The constant phase element was approximately 1.6-fold higher than that for bare GCE and MWCNTs/GCE, which was probably caused by the porous structure of the electrode surface and indirectly confirmed by the n value. A significant decrease in the solution resistance for polyFA/MWCNTs/GCE is explained by the porosity of the electrode surface. The permeability of the electrode surface to the electrolyte solution increases with increasing porosity [37].

Thus, the polyFA-modified electrode showed favorable properties for application in electroanalysis.

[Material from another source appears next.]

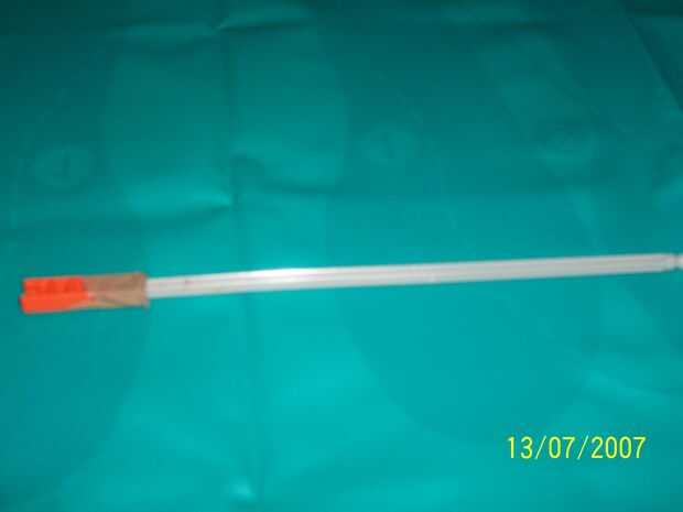 esto es un arma muy fuerte y es capaz de disparar 60 pies con un par de buen caucho tamaño y. Puede contener 7 tiros en el cargador.ADVERTENCIA: No disparar a nadie!!! Puede dejar moretones.Paso 1: barril Se trata de su cañón.Paso 2: Magezine Esta es

3.3. Voltammetric Characteristics of Hesperidin on Bare and Modified GCE

Hesperidin is electroactive on the bare GCE in a phosphate buffer with a pH of 7.0. Well-resolved oxidation peaks at 0.57 and 0.93 V were observed on the differential pulse voltammograms (Figure 6). The oxidation currents of 0.055 ± 0.002 and 0.046 ± 0.002 for the first and second steps, respectively, were registered for a 10 µmol L⁻¹ concentration, thereby indicating an insufficient sensitivity of the electrode response. Furthermore, the first peak had a stretched shape that affected the determination of hesperidin in real samples.

Similar to other flavanones [33,39,40], the electrode surface modification with MWCNTs provided a shift in the hesperidin oxidation potential to lower values on 64 and 47 mV for the first and second steps, respectively. Oxidation currents were significantly increased (0.18 ± 0.01 and 0.22 ± 0.01 µA for the first and second peak, respectively) due to the higher electroactive surface area of the modified electrode. The first oxidation peak was less than the second one, thus making it less sensitive for quantification purposes.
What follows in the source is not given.